Il Gruppo Cassa depositi e prestiti (Cdp) gestisce attraverso le proprie società specializzate nel real estate un patrimonio immobiliare distribuito sul territorio italiano la cui superfice supera i 2 milioni di metri quadrati. Gli immobili, localizzati nei principali capoluoghi, sono interessati attualmente da un percorso di valorizzazione che il Gruppo Cdp porta avanti in coordinamento con le municipalità interessate: si tratta di immobili o aree di provenienza militare o civile, di grandi dimensioni, che una volta rifunzionalizzati sono destinati in alcuni casi a cambiare in modo sostanziale la distribuzione delle varie funzioni urbane a Milano, Roma, Torino, Firenze, Bologna, Venezia, ecc.
Gli immobili in portafoglio costituiscono talvolta oggetti d’importanza culturale, dunque non solo edifici di grande pregio ma anche di notevole rilevanza storico-architettonica: gli interventi di restauro, conservazione e valorizzazione che su iniziativa del Gruppo Cdp vengono realizzati in tali edifici sono volti alla rifunzionalizzazione nel rispetto delle specificità di ciascun manufatto e del relativo contesto, nell’intento di restituire la necessaria vitalità a brani urbani spenti o degradati, recuperando l’architettura come prodotto complesso e diacronico, “che incorpora norme, esigenze, tecnologie, gusto estetico e continua ad essere usata e trasformata” nel pieno rispetto dei contenuti del nuovo Codice dei Beni Culturali e del Paesaggio che, in attuazione dell’art. 9 della Costituzione conferma il principio (art.1) che “La Repubblica tutela e valorizza il patrimonio culturale” e che tutti i soggetti attivi, pubblici e privati, “sono tenuti a garantirne la conservazione, la fruizione e la valorizzazione” (art. 3-5).

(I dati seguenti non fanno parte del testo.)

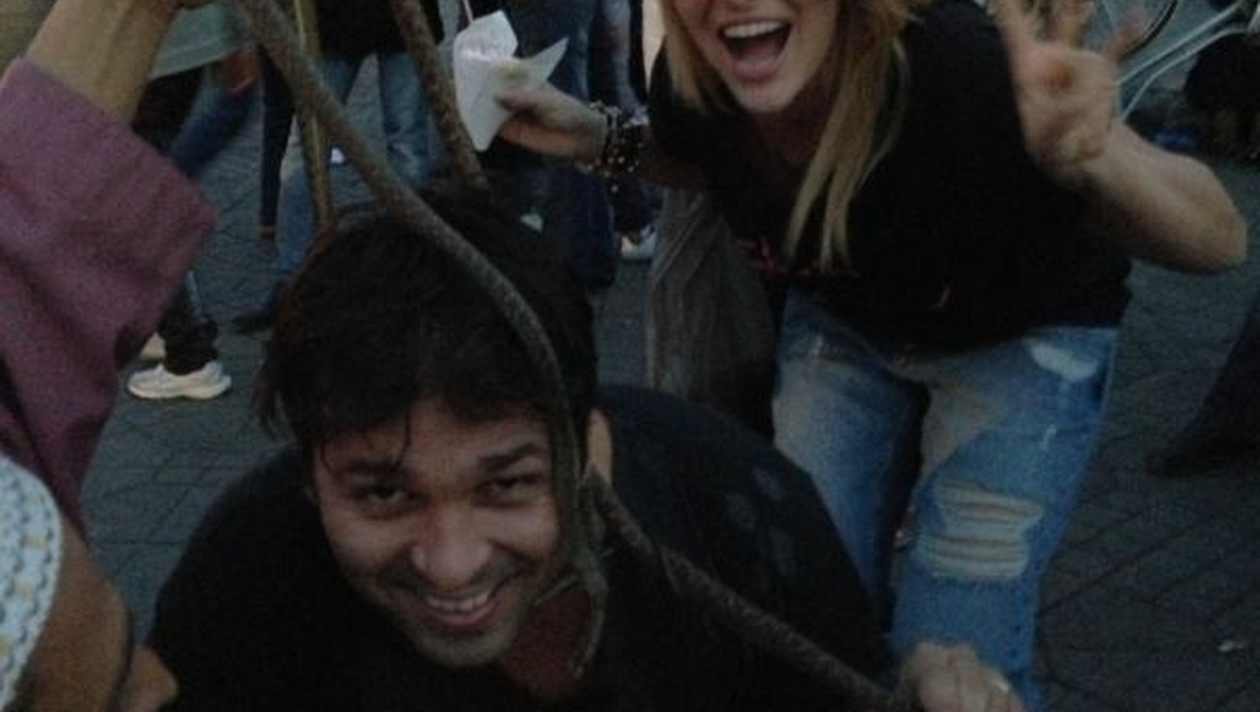 Mai exact, el a fost victima. Un marocan iscusit si-a scos serpii din cos si i-a pus in capul turistului curios.

Il progetto di conservazione e restauro dell’ex Ufficio Geologico in Largo di Santa Susanna è stato concepito con l’obiettivo di permettere in futuro la coesistenza e integrazione di funzioni culturali e direzionali. L’intervento prevede il riuso degli spazi esistenti con destinazione a uffici, attraverso il recupero degli elementi costruttivi, stilistici e cromatici dell’edificio originario, restituendo alla cittadinanza un recuperato valore architettonico e un’area archeologica musealizzata fruibile con il restauro dei reperti e l’ausilio digitale di immagini della ricostruzione ipotetica del complesso.
A realizzare questo importante obiettivo del Gruppo Cdp, di particolare impegno anche sotto il profilo organizzativo, ha contribuito il Ministero dei Beni e delle Attività Culturali e del Turismo che, attraverso il fondamentale apporto delle Soprintendenze di Roma, ha indirizzato le scelte progettuali e sorvegliato costantemente i lavori, oltre ad aver fornito un apporto collaborativo interdisciplinare di professionalità d’alto profilo tecnico e artistico.
L’ufficio geologico di Giuseppe Carosi
Asset & Project management Cdp Immobiliare
L’edificio fu realizzato a ridosso della chiesa seicentesca di Santa Maria della Vittoria, opera di Carlo Maderno e Bartolomeo Breccioli, attraverso l’esproprio del convento dei padri Carmelitani, in un’area densa di pre-esistenze che venne a trovarsi al centro delle trasformazioni urbanistiche della capitale post-unitaria e, dopo alcune vicessitudini, fu assegnato al Ministero dell’Agricoltura, Industria e Commercio, per soddisfare le richieste di spazi per la collocazione delle macchine di prova dei materiali da costruzione.
Il nuovo progetto risulta concepito come un adattamento del convento, ma con un’architettura che si discostò radicalmente dalla pre-esistenza, mostrando audace impiego di tecnologie allora poco sperimentate: struttura mista in ferro e muratura con ampi volumi liberi, rompendo radicalmente con il contesto ed evidenziando l’edificio per la sua modernità.
Questa modernità non fu l’esito di un progetto unitario ma dell’avvicendarsi di decisioni e ripensamenti, dovute al sofferto iter burocratico a cui fu sottoposta la costruzione. Dopo un timido progetto di ristrutturazione del convento, presentato nel 1873, nel 1877 fu elaborato un progetto che modificava anche l’involucro architettonico, dando al fabbricato l’imponente facciata classicheggiante che oggi è interclusa nel cortile del Ministero dell’Agricoltura.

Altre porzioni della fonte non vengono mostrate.